NEOSE TECHNOLOGIES, INC. BOARD RESOLUTIONS AMENDMENT OF SHAREHOLDER RIGHTS PLAN December 3, 1998

EX-4.2 3 nt907875ex42.htm

EXHIBIT 4.2

NEOSE TECHNOLOGIES, INC.

BOARD RESOLUTIONS
AMENDMENT OF SHAREHOLDER RIGHTS PLAN

December 3, 1998

                    RESOLVED, that, pursuant to and in accordance with Section 26 of the Rights Agreement dated as of September 26, 1997 between the Company and American Stock Transfer & Trust Company, as Rights Agent (the “Rights Agent”),  the Board of Directors hereby deems it advisable to amend such agreement, and that the Amended and Restated Rights Agreement dated as of December 3, 1998 between the Company and the Rights Agent (as so amended and restated, the “Amended and Restated Rights Agreement”), substantially in the form presented to the Board of Directors, is hereby approved.

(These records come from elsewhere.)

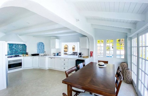 The fully equipped kitchen features a gas range, an oven, 2 refrigerators, a dishwasher, a wine cooler, and a microwave oven. All stainless steel. This allows you to cook for yourself, or hire a private chef to prepare a delicious Caribbean meal.
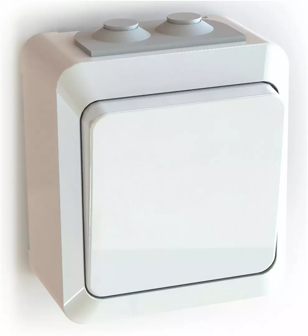 Pinta-asennettava roiskevesitiivis Etman-kytkin 1/6 jousiliittimin. Kytkimessä on 2 lisäliitintä, joita voidaan käyttää johtimien jatkamiseen. Liittimiin voi kytkeä max 2 johdinta ja ne on hyväksytty ML ja MK johtimille.
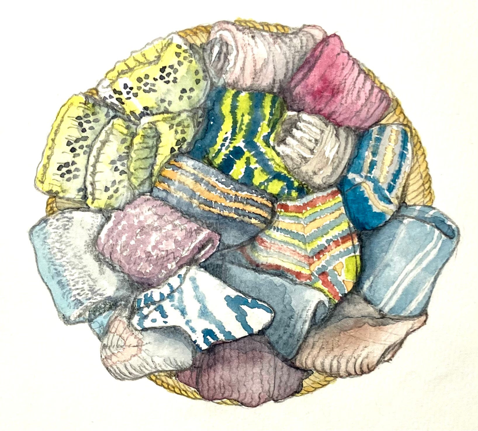 My stash of colorful fingering-weight yarn grew and would see me through my next year of students and teaching, writing and sock knitting.
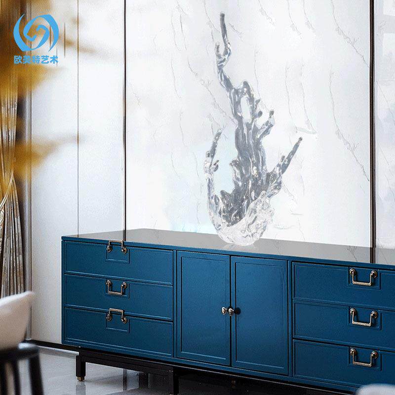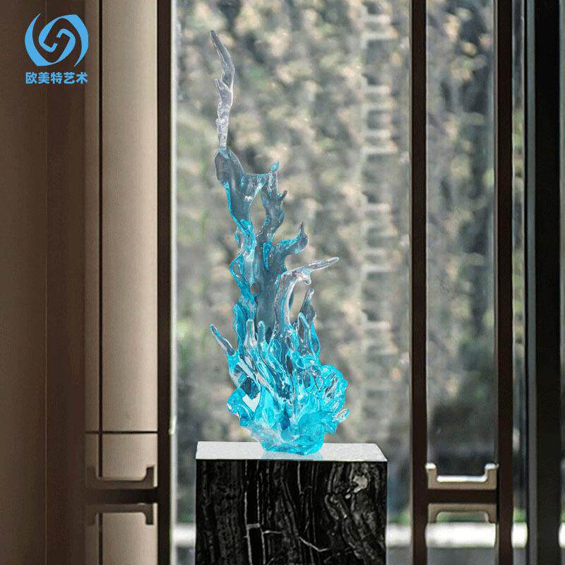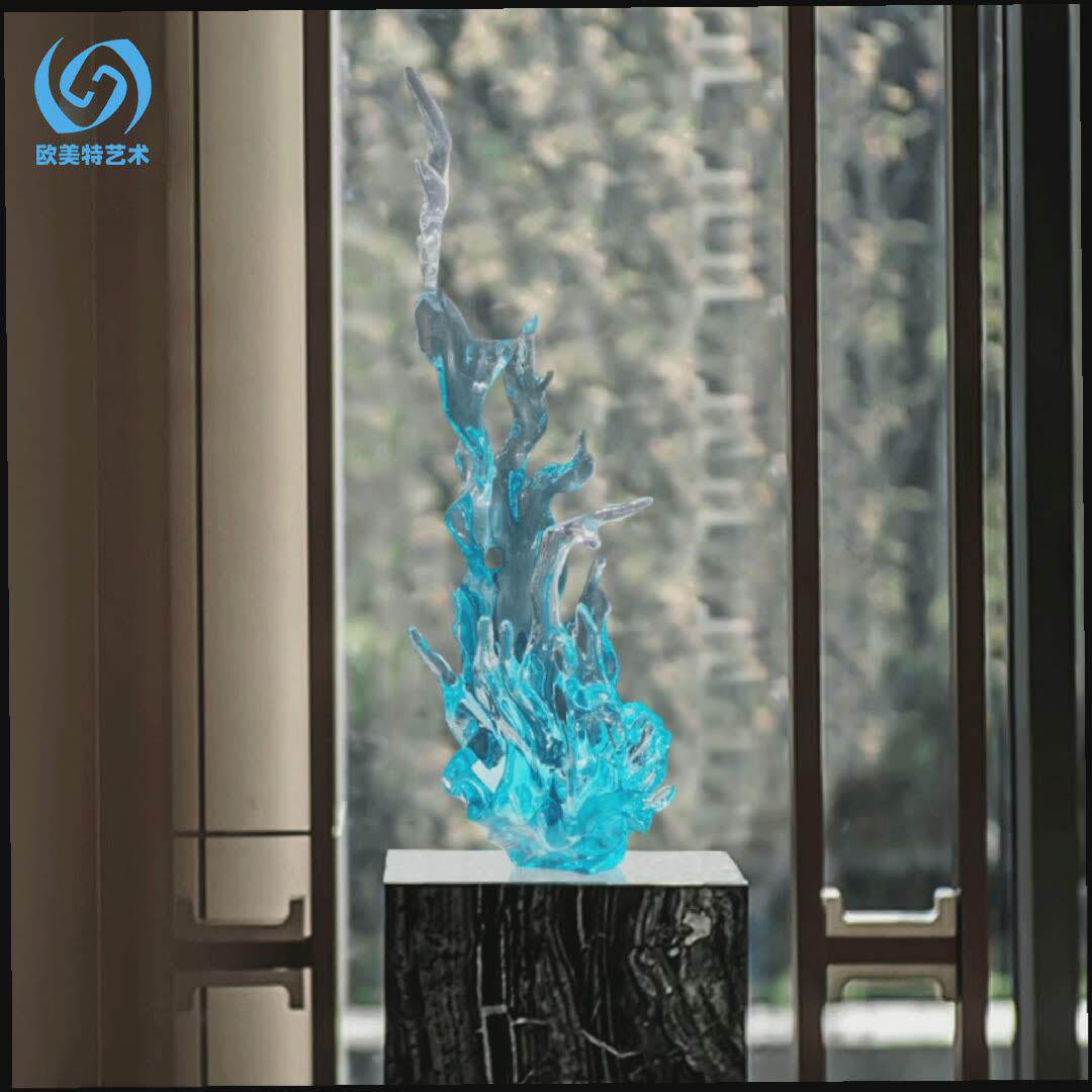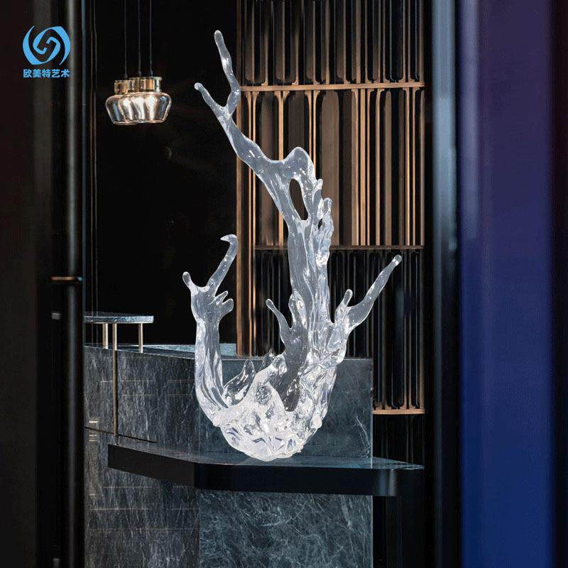 酒蓝色透大会堂所创意抽象水浪花透明雕塑样板房售楼处花工艺店蓝

                    RESOLVED, that the Chairman of the Board, the Chief Executive Officer, the President, any Vice President and any other appropriate officers of the Company are hereby authorized to execute and deliver the Amended and Restated Rights Agreement, substantially in the form  presented to the Board of Directors, with such modifications as the officer so acting determines with the advice of counsel to be in the best interests of the Company, such determination to be conclusively evidenced by his execution and delivery of the Amended and Restated Rights Agreement.

                    RESOLVED, that the appropriate officers of the Company are hereby authorized, subject to the terms of the Amended and Restated Rights Agreement, to take any or all of the following actions on behalf of the Company:

                               (1)  To file with the Securities and Exchange Commission and all appropriate agencies of any State or States of the United States of America, a Registration Statement or Statements, any related Prospectus or Prospectuses, a Current Report on Form 8-K, any application or applications, any report or reports and any other papers and instruments with respect to the Amended and Restated Rights Agreement, such documents to be in such form as may be approved by the officer or officers executing any of the foregoing, whose execution thereof shall be conclusive evidence of such approval, and to file amendments or supplements to any of the foregoing and to take all such further action (including, without limitation, the preparation and filing of one or more Registration Statements, or of amendments to existing Registration Statements, relating to shares of Common Stock of the Company to be issued pursuant to the Company’s 1995 Stock Option/Stock Issuance Plan and any other employee benefit plan of the Company and the execution and filing of all requisite surety bonds and irrevocable consents and appointments of attorneys for service of process) as the officer so acting may deem necessary, desirable or appropriate so that the foregoing shall become effective;


                               (2)  To adopt on behalf of the Board of Directors the form of any resolution required by any authority to be filed in connection with any applications, consents to service, issuer’s covenants or other documents if (a) in the opinion of the officers executing the same, with the advice of counsel, the adoption of such resolutions is necessary, appropriate or desirable, and (b) the Secretary or an Assistant Secretary evidences such adoption by inserting in the minute book of the Company following the minutes of this meeting copies of such resolutions, which will thereupon be deemed to have been adopted by this Board of Directors with the same force and effect as if presented at this meeting;

                               (3)  To execute such other certificates, instruments and documents and take such action as may be necessary, desirable or appropriate in connection with the Amended and Restated Rights Agreement as the acting officer or officers deem appropriate; and

                               (4)  To take or cause to be taken any and all such further actions and to execute and deliver or cause to be executed and delivered any and all such other applications, certificates, documents, agreements and other instruments, including without limitation indemnity agreements (as such may be required by any stock exchange), and to incur and pay all such fees and expenses as, in the judgment of the officer or officers so acting, may be necessary, desirable or appropriate to carry into effect the purpose and intent of this and any and all of the foregoing resolutions.